> _What to produce_:
In the copy, keep every line below as it is and leave out the pictures.

### Given material

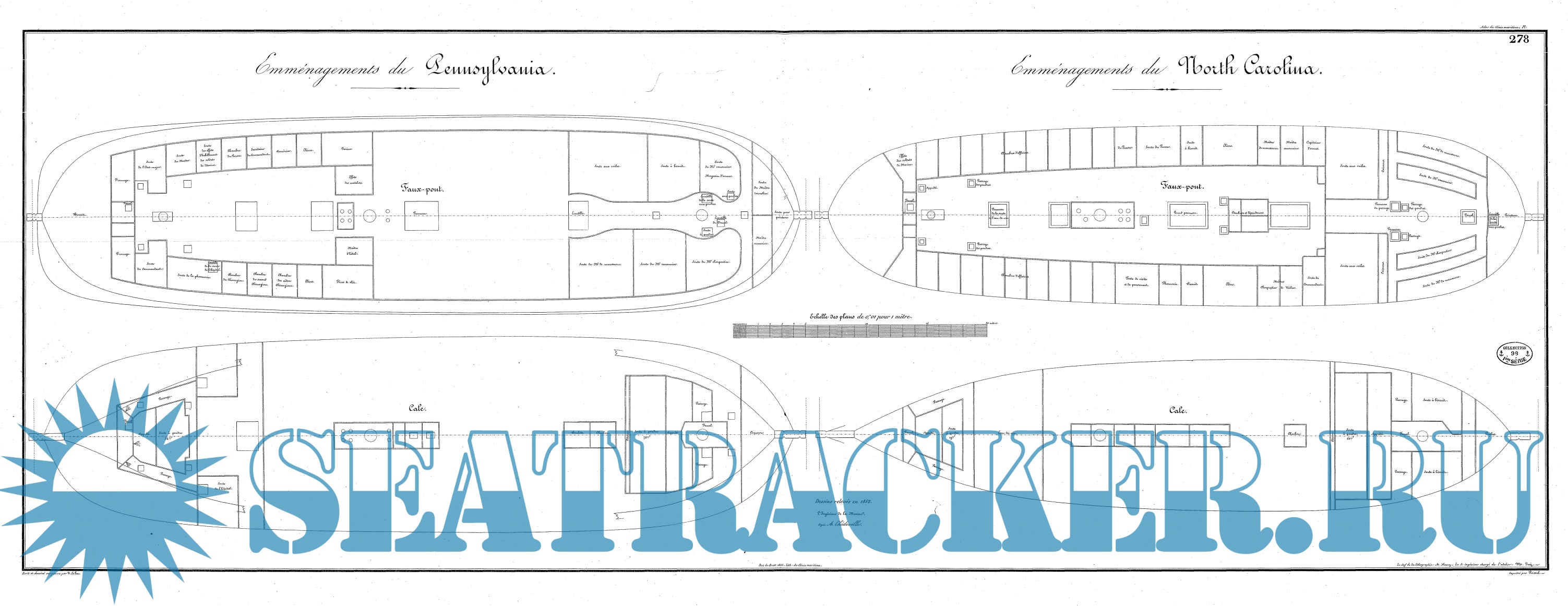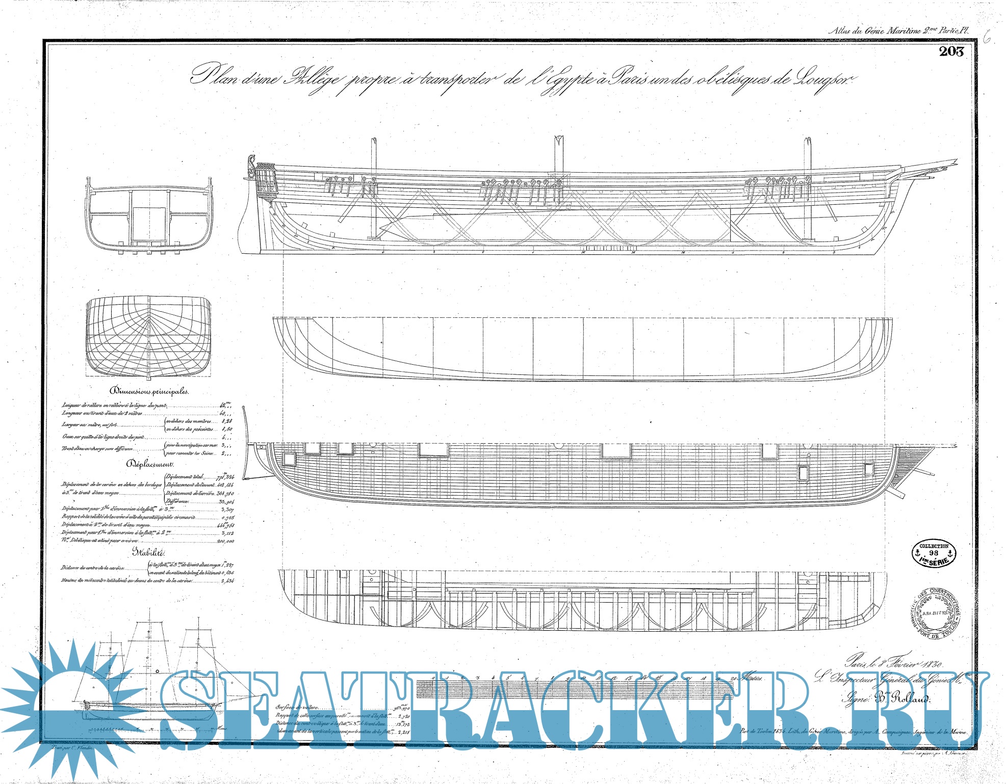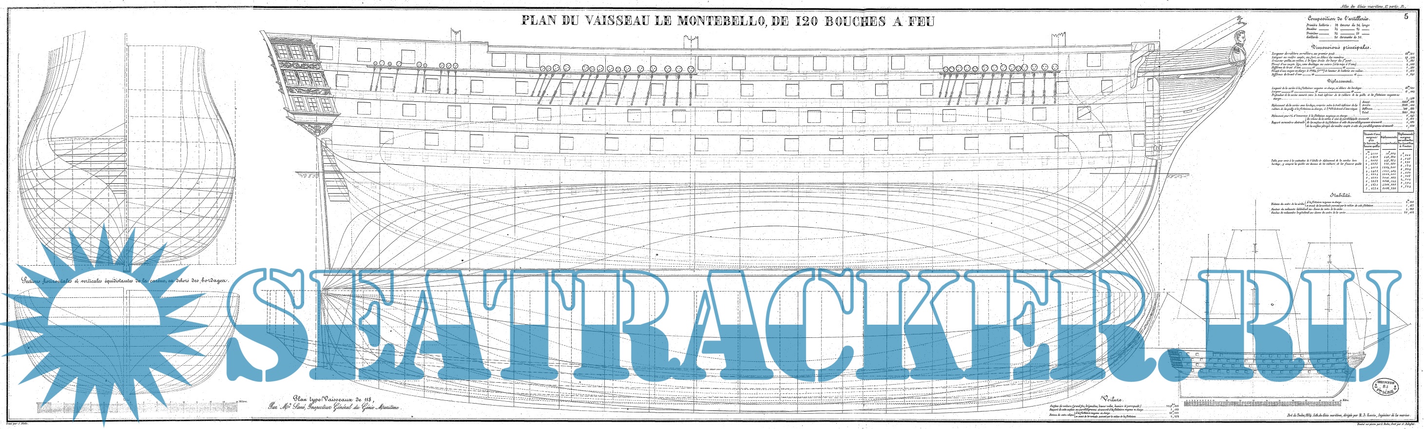 Корабельный Атлас с подробными черно-белыми схемами и чертежами парусных судов. Atlas du Génie Maritime содержит несколько сотен планов кораблей, обводов корпуса, планов парусов, такелажа и оборудования судов XIX века.
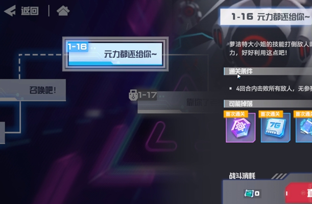 凹凸世界解密副本1-16的要求玩家4回合内击败所有敌人,无参赛者失去链接。这一关会比较难打,要注意远程输出的技能。那么这个任务要怎么做呢?下面小编就向大家带来凹凸世界解密副本1-16原力都还给你通关攻略,赶快来看下吧。
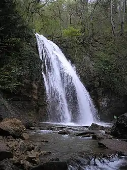 Djur-djur (Armenian: Ջուր-Ջուր — water-water; Crimean Tatar: Curcur — «onomatopoeia to the falling water»)[2] — waterfall is located on the Ulu-Uzen' river in the Crimean Mountains of Crimea. Waterfall height is 16 metres (52 ft). Djur-djur has not dried up ever, even in the dry years. Water from the waterfall falls into a small lake, and then comes into the river channel, which flows into the sea near the village Solnechnogorsk.[3]
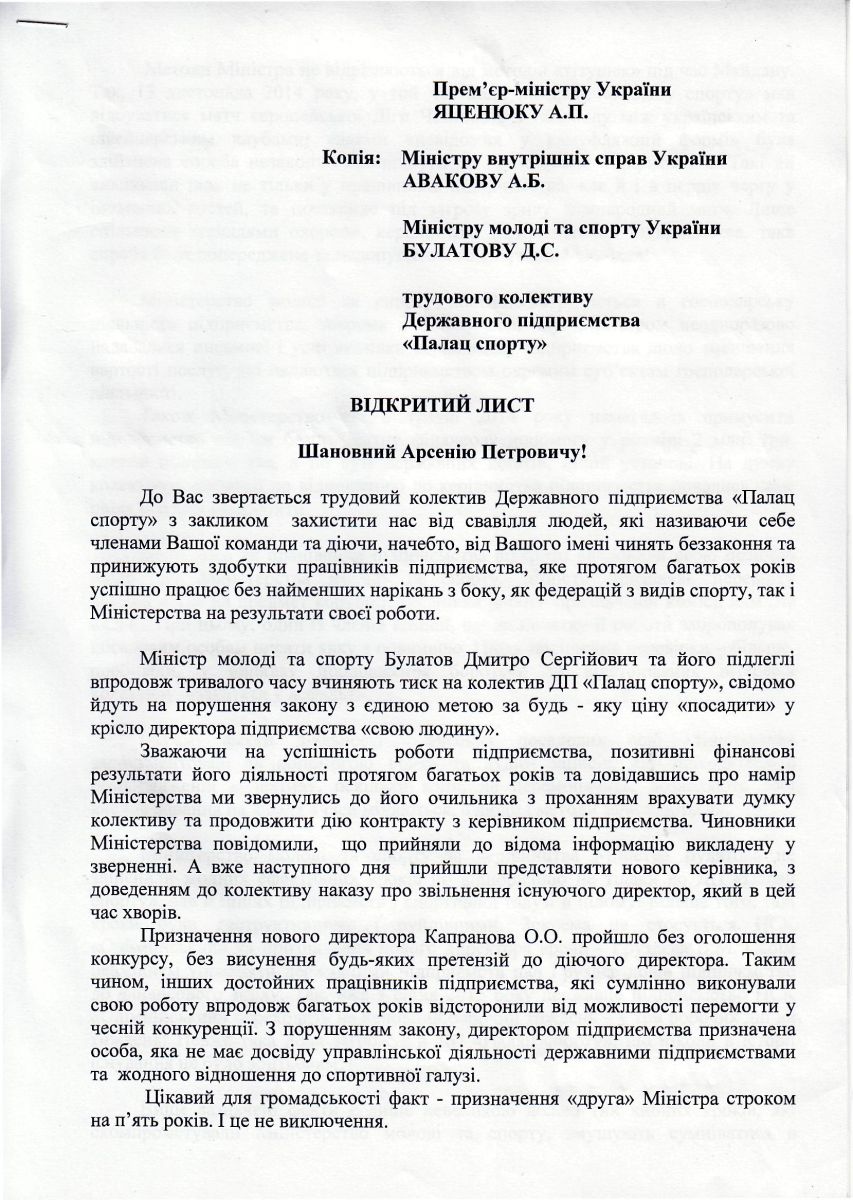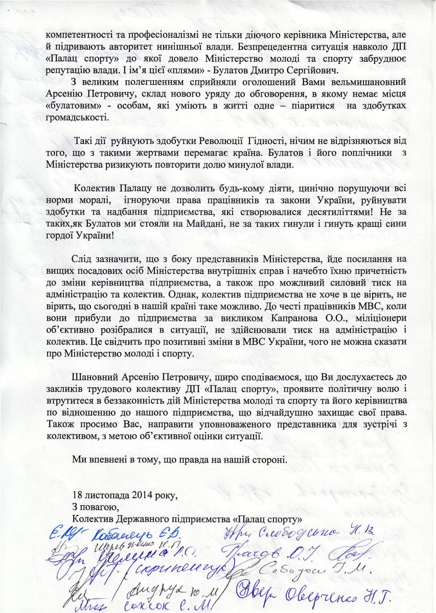 Шановний Арсенію Петровичу, щиро сподіваємося, що Ви дослухаєтесь до закликів трудового колективу ДП «Палац спорту», проявите політичну волю і втрутитеся в беззаконність дій Міністерства молоді та спорту та його керівництва по відношенню до нашого підприємства, що відчайдушно захищає свої права. Також просимо Вас, направити уповноваженого представника для зустрічі з колективом, з метою об’єктивної оцінки ситуації.

######

> _Response to this task_:
 Корабельный Атлас с подробными черно-белыми схемами и чертежами парусных судов. Atlas du Génie Maritime содержит несколько сотен планов кораблей, обводов корпуса, планов парусов, такелажа и оборудования судов XIX века.
 凹凸世界解密副本1-16的要求玩家4回合内击败所有敌人,无参赛者失去链接。这一关会比较难打,要注意远程输出的技能。那么这个任务要怎么做呢?下面小编就向大家带来凹凸世界解密副本1-16原力都还给你通关攻略,赶快来看下吧。
 Djur-djur (Armenian: Ջուր-Ջուր — water-water; Crimean Tatar: Curcur — «onomatopoeia to the falling water»)[2] — waterfall is located on the Ulu-Uzen' river in the Crimean Mountains of Crimea. Waterfall height is 16 metres (52 ft). Djur-djur has not dried up ever, even in the dry years. Water from the waterfall falls into a small lake, and then comes into the river channel, which flows into the sea near the village Solnechnogorsk.[3]
 Шановний Арсенію Петровичу, щиро сподіваємося, що Ви дослухаєтесь до закликів трудового колективу ДП «Палац спорту», проявите політичну волю і втрутитеся в беззаконність дій Міністерства молоді та спорту та його керівництва по відношенню до нашого підприємства, що відчайдушно захищає свої права. Також просимо Вас, направити уповноваженого представника для зустрічі з колективом, з метою об’єктивної оцінки ситуації.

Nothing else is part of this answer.